→ **Data segment**:
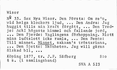 //// Wisor //// N- 33. Sex Nya Wisor. Den Första: Om re5n, wid helga klockors ljud, ... Den Andra: Jag huggit tills min kraft förgått, ... Den Tredje: Ack! högaste himmel och fallande jord, ... Den Fjerde: Ynglingens förhoppning. Blott mina luftslott icke ramla, ... Den Femte: Till minnet. Minnet, saknan's tröstarinna, ... Den Sjette: Skönheten. Jag will gärna älskad bli, ... //// Köping 1877, tr. J.F. Säfberg 8:0 //// 8 s. (i samlingsband) //// SVA A 5 23 ////
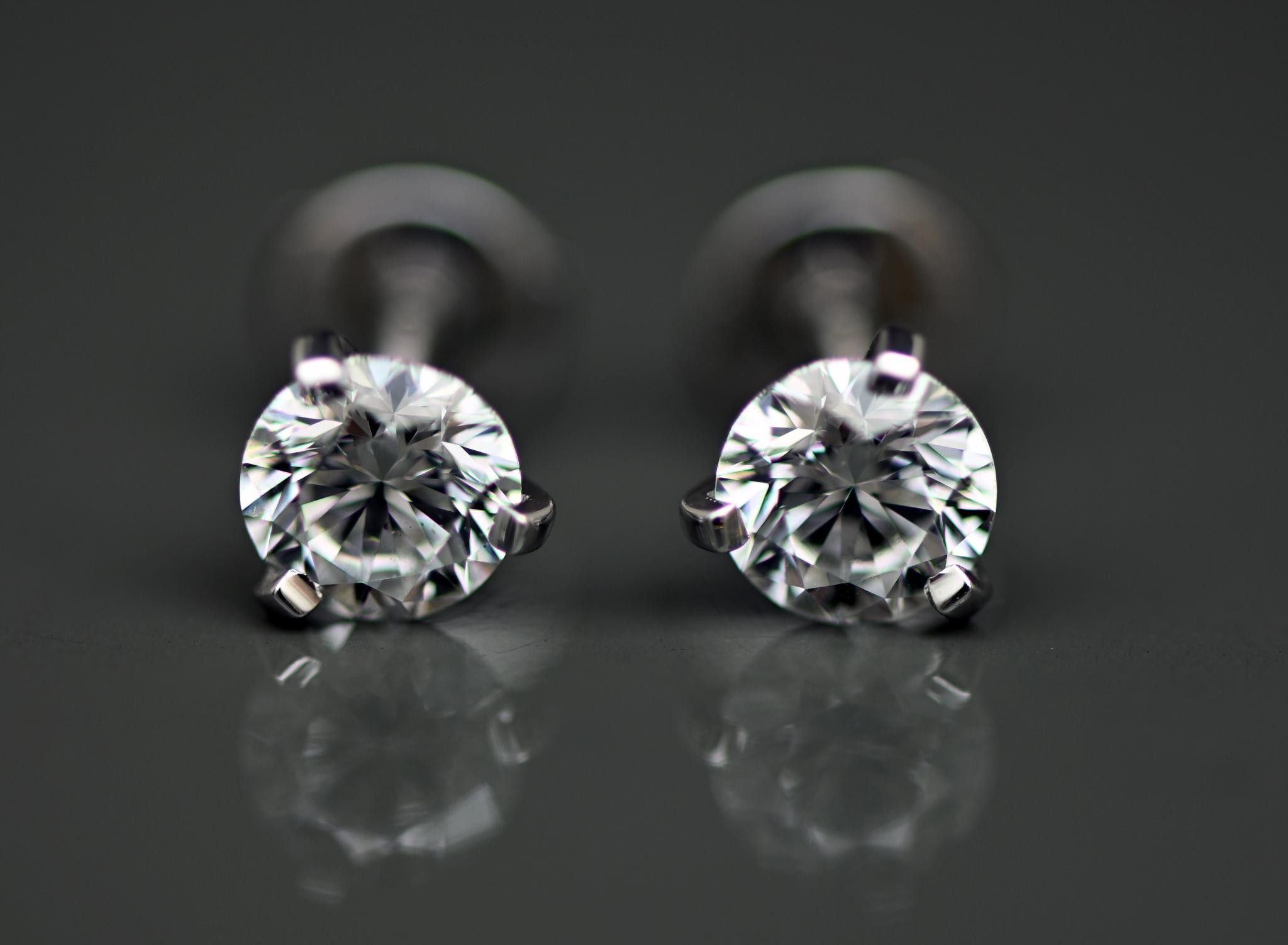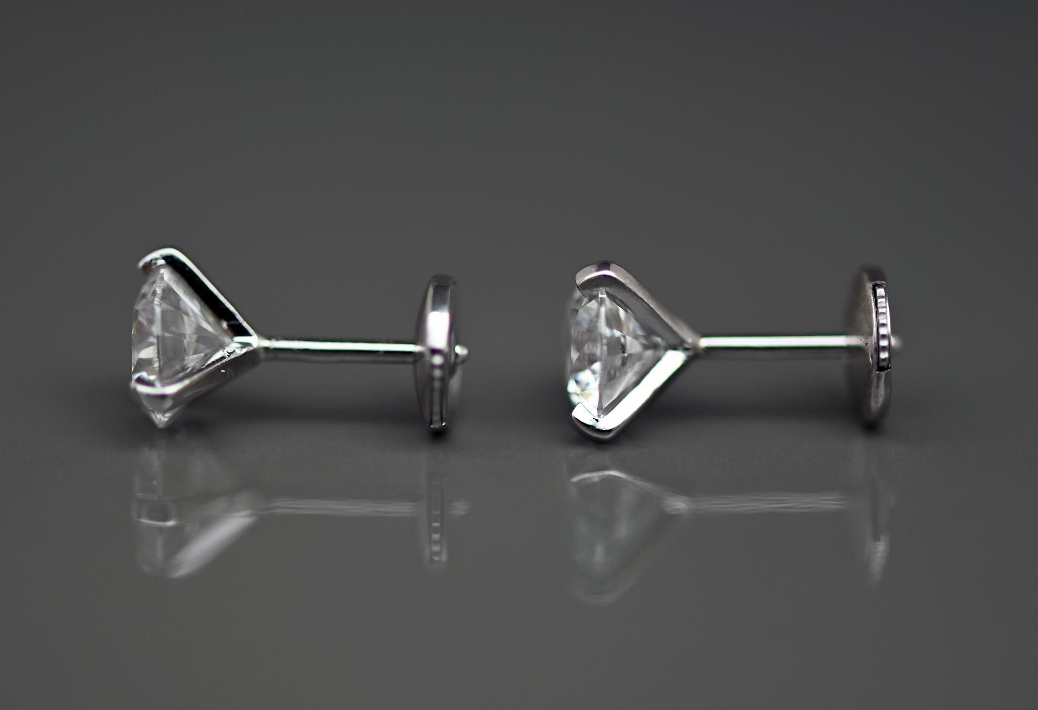 Premium Pair of 18k white gold earrings set with diamonds totalling …
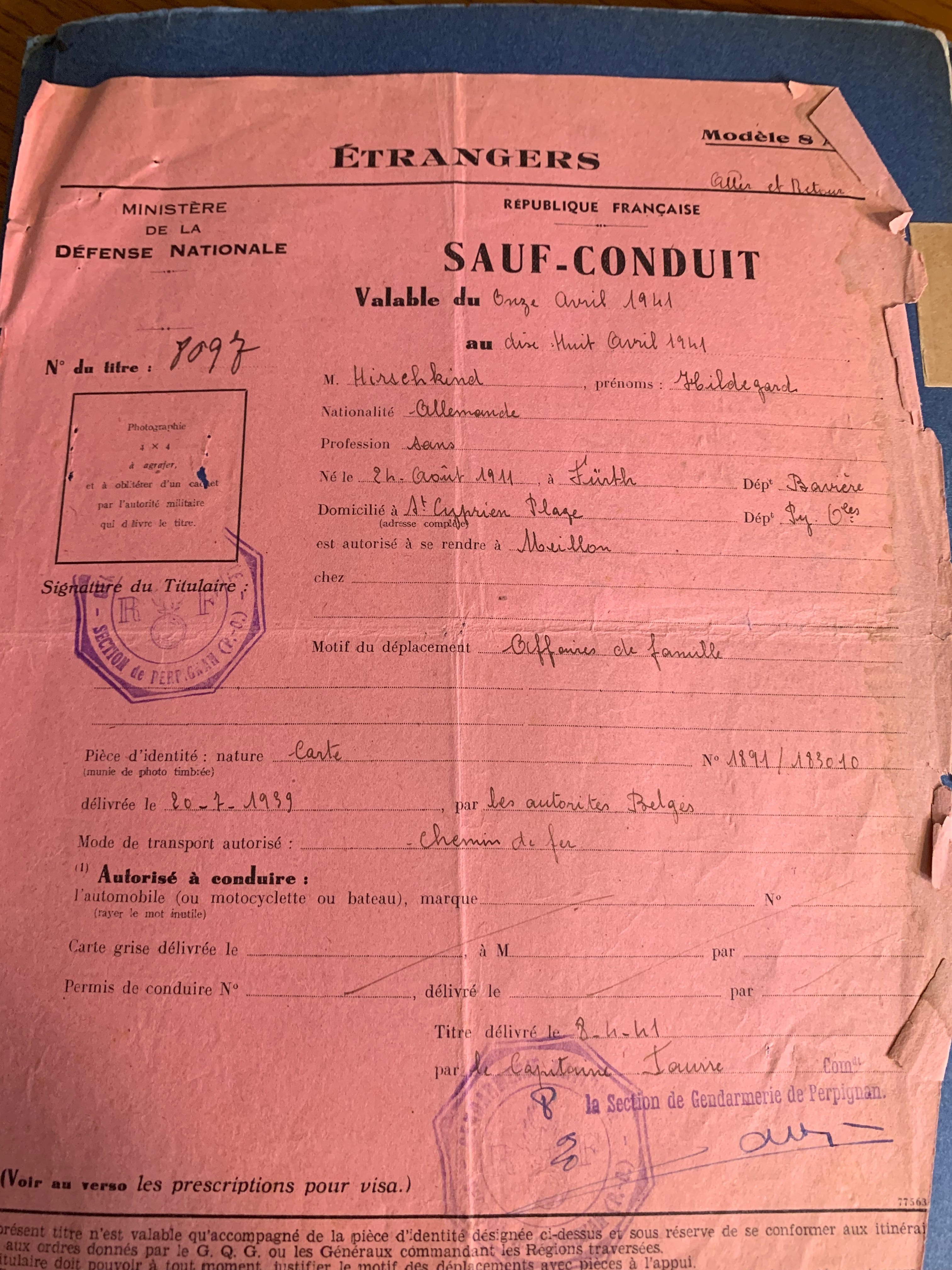- Hilde, meanwhile, was forced to remain in Perpignan with Walter until receiving this safe passage in April 1941, which enabled her to finally reunite their family after six months of constant effort.

→ **Work order**: Transcribe all the material exactly; skip every image.

→ **Result of this exercise**:
 //// Wisor //// N- 33. Sex Nya Wisor. Den Första: Om re5n, wid helga klockors ljud, ... Den Andra: Jag huggit tills min kraft förgått, ... Den Tredje: Ack! högaste himmel och fallande jord, ... Den Fjerde: Ynglingens förhoppning. Blott mina luftslott icke ramla, ... Den Femte: Till minnet. Minnet, saknan's tröstarinna, ... Den Sjette: Skönheten. Jag will gärna älskad bli, ... //// Köping 1877, tr. J.F. Säfberg 8:0 //// 8 s. (i samlingsband) //// SVA A 5 23 ////
 Premium Pair of 18k white gold earrings set with diamonds totalling …
- Hilde, meanwhile, was forced to remain in Perpignan with Walter until receiving this safe passage in April 1941, which enabled her to finally reunite their family after six months of constant effort.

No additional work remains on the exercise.